Results: Two hours after sublingual administration of 5 mg Delta-9-THC, the IOP was significantly lower than after placebo (23.5 mm Hg vs. 27.3 mm Hg, P=0.026). The IOP returned to baseline level after the 4-hour IOP measurement. CBD administration did not reduce the IOP at any time. However, the higher dose of CBD (40 mg) produced a transient elevation of IOP at 4 hours after administration, from 23.2 to 25.9 mm Hg (P=0.028). Vital signs and visual acuity were not significantly changed. One patient experienced a transient and mild paniclike reaction after Delta-9-THC administration.

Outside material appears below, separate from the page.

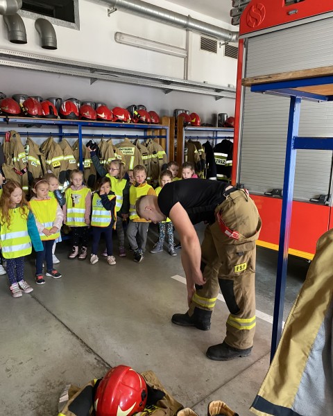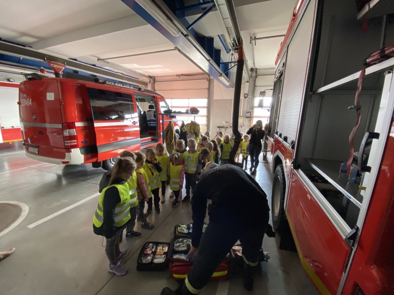 DziÄki ĹźyczliwoĹci PanĂłw StraĹźakĂłw przedszkolaki mogĹy z bliska obejrzeÄ samochody i sprzÄt poĹźarniczy. W trakcie rozmowy ze straĹźakami dowiedziaĹy siÄ duĹźo o trudnej, odpowiedzialnej i niebezpiecznej pracy. ZrozumiaĹy, Ĺźe straĹźak pomaga nie tylko w czasie poĹźaru, ale bierze rĂłwnieĹź udziaĹ w akcjach ratowniczych np. w czasie wypadku drogowego. Dzieci miaĹy moĹźliwoĹÄ obserwacji zjazdu straĹźakĂłw do akcji po metalowej rurze. Z wycieczki przedszkolaki wrĂłciĹy peĹne niezapomnianych wraĹźeĹ i wspomnieĹ.

Conclusions: A single 5 mg sublingual dose of Delta-9-THC reduced the IOP temporarily and was well tolerated by most patients. Sublingual administration of 20 mg CBD did not reduce IOP, whereas 40 mg CBD produced a transient increase IOP rise.

A single 5 mg sublingual dose of Delta-9-THC reduced the IOP temporarily and was well tolerated by most patients. Sublingual administration of 20 mg CBD did not reduce IOP, whereas 40 mg CBD produced a transient increase IOP rise.